Beating Moore’s Law with GPUs:
…Could a rise in GPU and other novel AI-substrates help deal with the decline of Moore’s Law?…
CPU performance has been stagnating for several years as it has become harder to improve linear execution pipelines across whole chips in relation to the reduction in transistor sizes, and the related problems which come from having an increasingly large number of things needing to work in lock-step with one another at minute scales. Could GPUs give us a way around this performance impasse? That’s the idea in a new blog from AI researcher Bharath Ramsundar who thinks that increases in GPU capabilities and the arrival of semiconductor substrates specialized for deep learning means that we can expect performance of AI applications to increase in coming years faster than typical computing jobs running on typical processors. He might be right – one of the weird things about deep learning is that its most essential elements, like big blocks of neural networks, can be scaled up to immense sizes without terrible scaling tradeoffs as their innards consist of relatively simple and parallel tasks like matrix multiplication, so new chips can easily be networked together to further boost base capabilities.
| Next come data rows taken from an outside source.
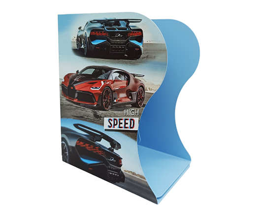 Подставка для книг - держатель на полку DA-65631 "Скорость" металлическая, 19х15см, голубая с рисунком, в к/коробке (1/24)
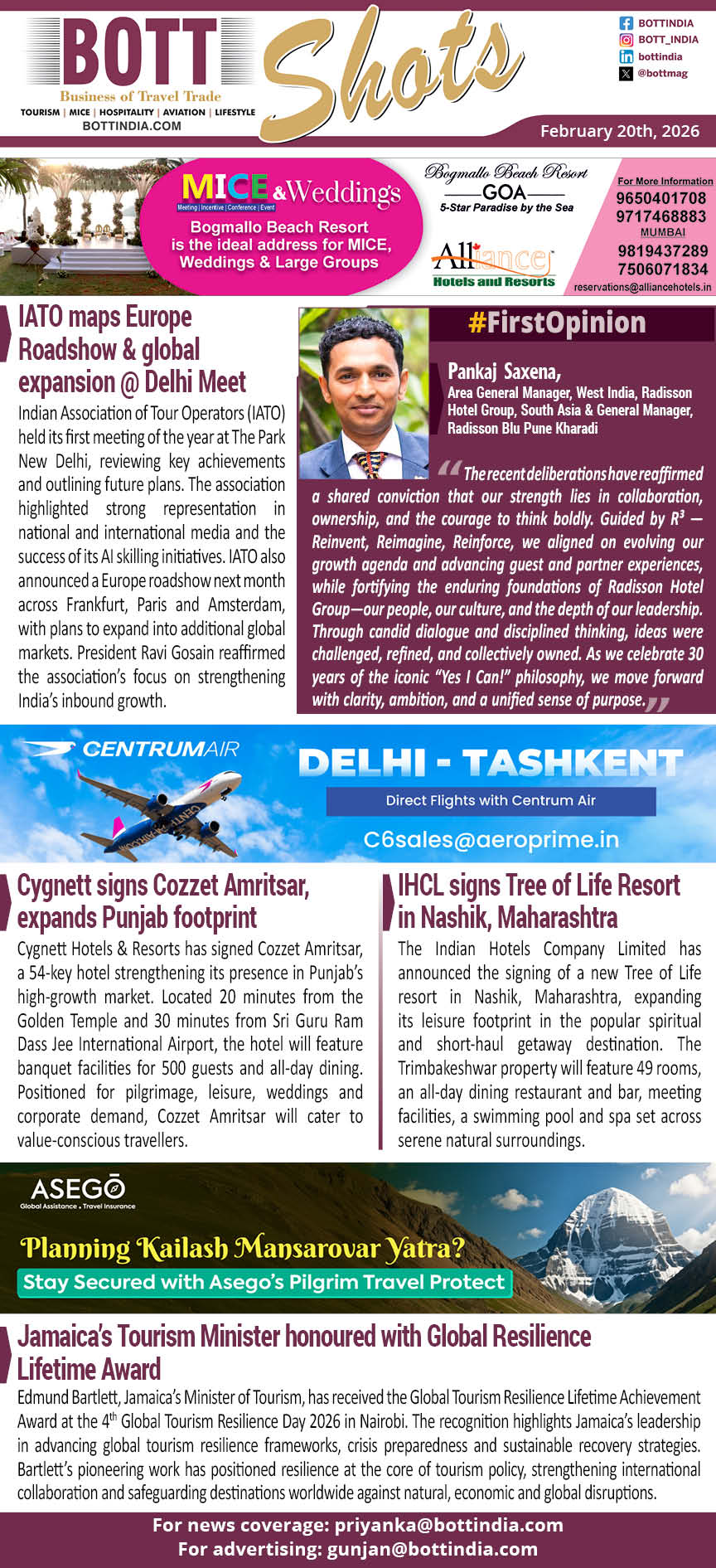 Indian Association of Tour Operators (IATO) held its first meeting of the year at The Park New Delhi, reviewing key achievements and outlining future plans. The association highlighted strong representation in national and international media and the success of its AI skilling initiatives. IATO also announced a Europe roadshow next month across Frankfurt, Paris and Amsterdam, with plans to expand into additional global markets. President Ravi Gosain reaffirmed the association’s focus on strengthening India’s inbound growth.
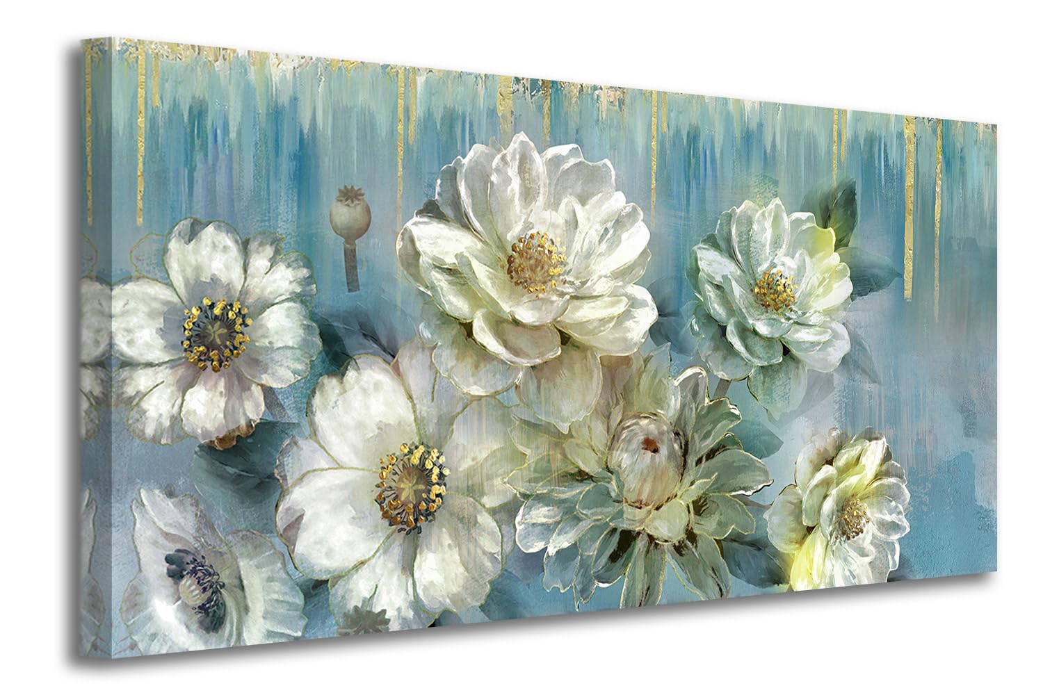 Ardemy Floral Canvas Wall Art for Living Room Large Magnolia White Flower Picture Bedroom Wall Decor Textured Turquoise Painting Modern Artwork Dining
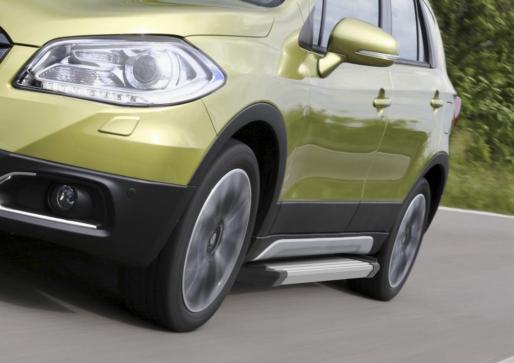 Пороги алюминиевые SILVER с полипропиленовыми вставками. Подходят для автомобиля SUZUKI SX-4 (Сузуки SX-4) с 2015 года выпуска.
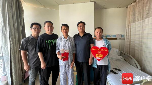 7月22日下午,海南省爱心社工志愿者协会会长张毅和协会多位志愿者一起到医院看望王哲圣,为其送去鲜花和爱心捐款。记者 王洪旭摄

Plus, standardization in a few software libraries, like NVIDIA’s cuDNN and CUDA GPU-interfaces, or the rise of TensorFlow for AI programming, means that some applications are getting faster over time purely as a consequence of software updates to these other fundamental improvements.
  Why it matters: Much of the recent progress in AI has occurred because around the mid-2000s processors became capable enough to easily train large neural networks on chunks of data – this underlying hardware improvement unlocked breakthroughs like the 2012 ‘AlexNet’ result for image recognition, related work in speech recognition, and subsequently significant innovations in research (AlphaGo) and application (large-scale sequence-to-sequence learning for ‘Smart Reply’, or the emergence of neural translation systems. If the arrival of things like GPUs and further software standardization and innovation has a good chance of further boosting performance, then researchers will be able to explore even larger or more complex models in the future, as well as run things like neural architecture search at a higher rate, which should combine to further drive progress.
  Read more: The Advent of Huang’s Law (Bharath Ramsundar blog post).
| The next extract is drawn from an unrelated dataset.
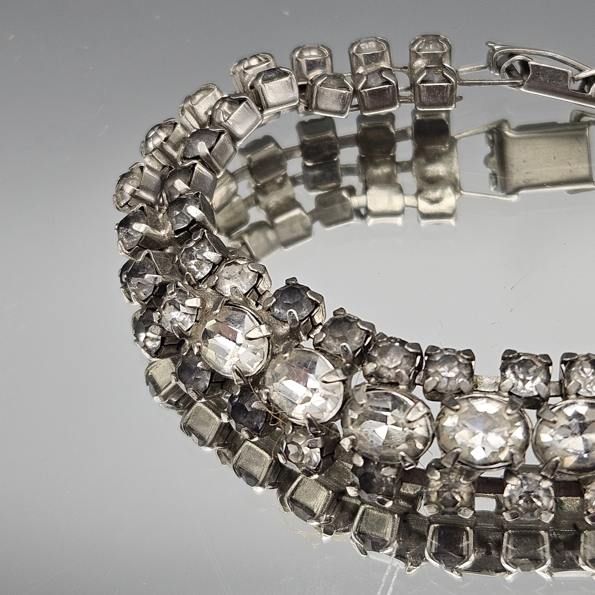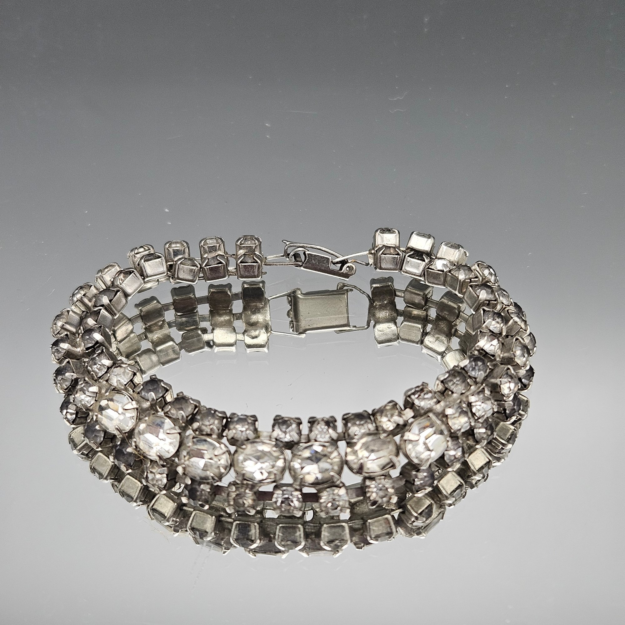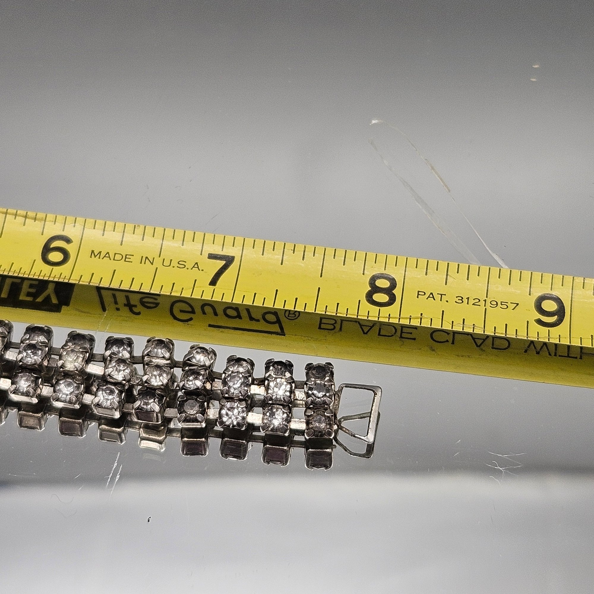 Vintage Triple-Row Rhinestone Bracelet -7"

Microsoft launches AI training course including ‘Ethics’ segment:
…New Professional Program for Artificial Intelligence sees Microsoft get into the AI certification business…
Microsoft has followed other companies in making its internal training courses available externally via the Microsoft Professional Program in AI. This program is based on internal training initiatives the software company developed to ramp up their own professional skills.
 The Microsoft course is all fairly typical, teaching people about Python, statistics, the construction and deployment of deep learning and reinforcement learning projects, and deployment. It also includes a specific “Ethics and Law in Data and Analytics” course, which promises to teach developers how to ‘apply ethical and legal frameworks to initiatives in the data profession’.
  Read more: Microsoft Professional Program for Artificial Intelligence (Microsoft).
  Read more: Aiming to fill skill gaps in AI, Microsoft makes training courses available to the public (Microsoft blog).
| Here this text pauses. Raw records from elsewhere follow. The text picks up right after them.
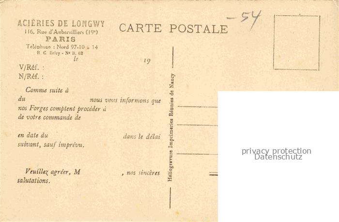 34144867 Longwy 54 Meurthe-et-Moselle Acieries de Longwy Acierie Halle de Coulee postalisch nicht gelaufen Erhaltung siehe scans [WerneD78] KatCode: 11170054154323
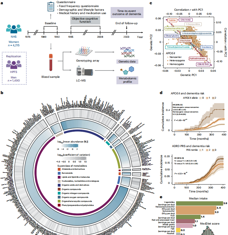 为破解这一科学难题,由Yuxi Liu、Dong D. Wang等组成的国际团队在《Nature Medicine》发表重要成果。研究创新性地整合美国护士健康研究(NHS)4,215名女性和健康专业人员随访研究(HPFS)1,490名男性长达34年的前瞻性数据,结合血浆代谢组学(401种代谢物)、基因分型(75个AD/ADRD风险变异)和地中海饮食评分,首次绘制出基因型依赖的代谢风险图谱。
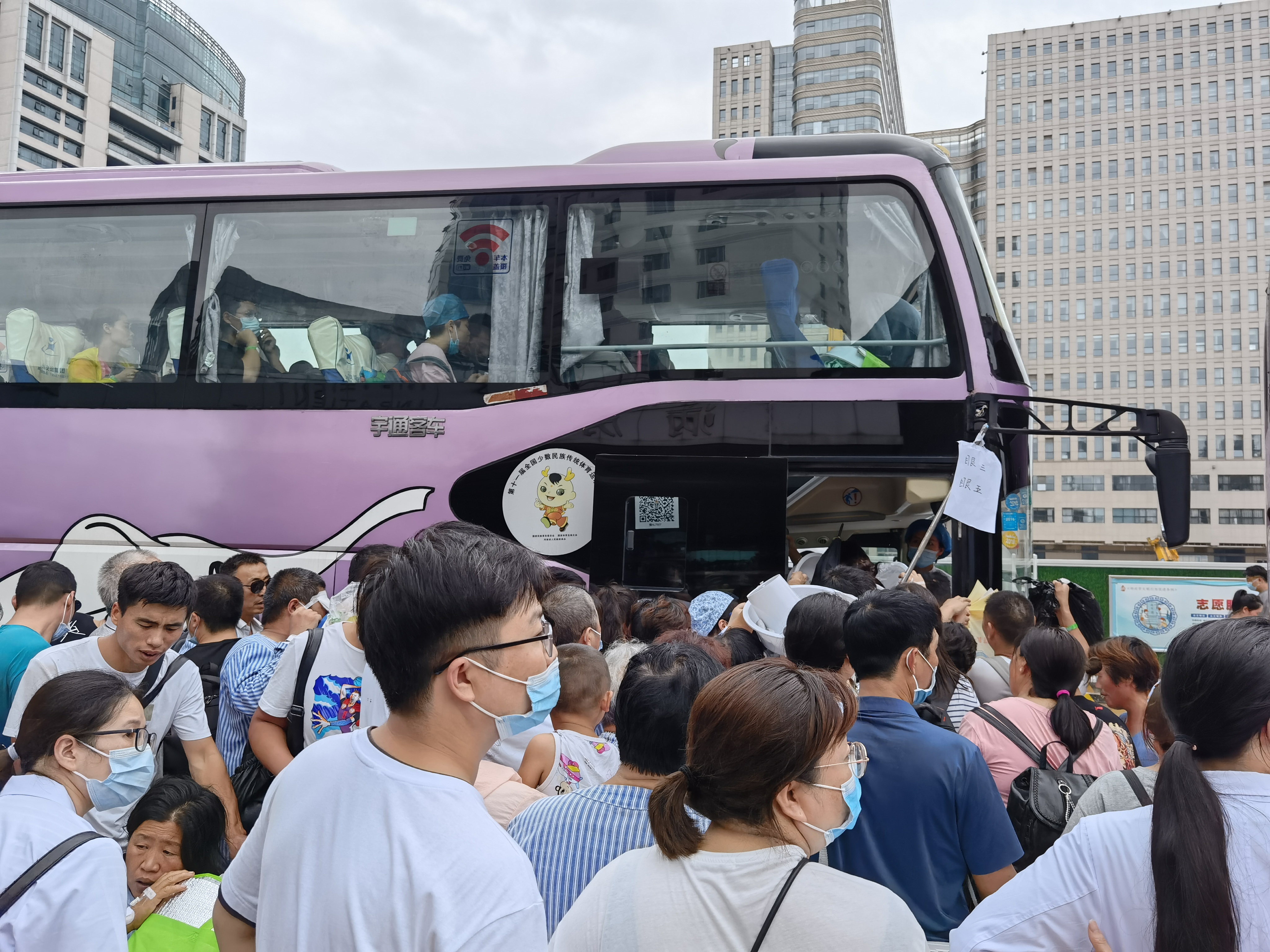 7月21日下午,郑大一附院河医院区1号住院楼外,等待上车转院的病人及家属。新京报记者 程亚龙 摄

Learning to deal with ambiguity:
…Researchers take charge of problem of word ambiguity via a charge at including more context…
Carnegie Mellon University researchers have tackled one of the harder problems in translation: dealing with ‘homographs’ – words that are spelled the same but have different meanings in different contexts, like ‘room’ and ‘charges’. They do this in the context of neural machine translation (NMT) systems, which use machine learning techniques to accomplish translation with orders of magnitude fewer hand-specified rules than prior systems.
  Existing NMT systems struggle with homographs, with performance of word-level translation degrading as the number of potential meanings of each word climbs, the researchers show. They try to alleviate this by adding a word context vector that can be used by the NMT systems to learn the different uses of the same word. Adding this ‘context network’ into their NMT architecture leads to significantly improved BLEU scores of sentences translated by the system.
  Why it matters: It’s noteworthy that the system used by the researchers to deal with the homograph problem is itself a learned system which, rather than using hand-written rules, seeks to instead ingest more context about each word and learn from that. This is illustrative of how AI-first software systems get built: if you identify a fault you typically write a program which learns to fix it, rather than learning to write a rule-based program that fixes it.
  Read more: Handling Homographs in Neural Machine Translation (Arxiv).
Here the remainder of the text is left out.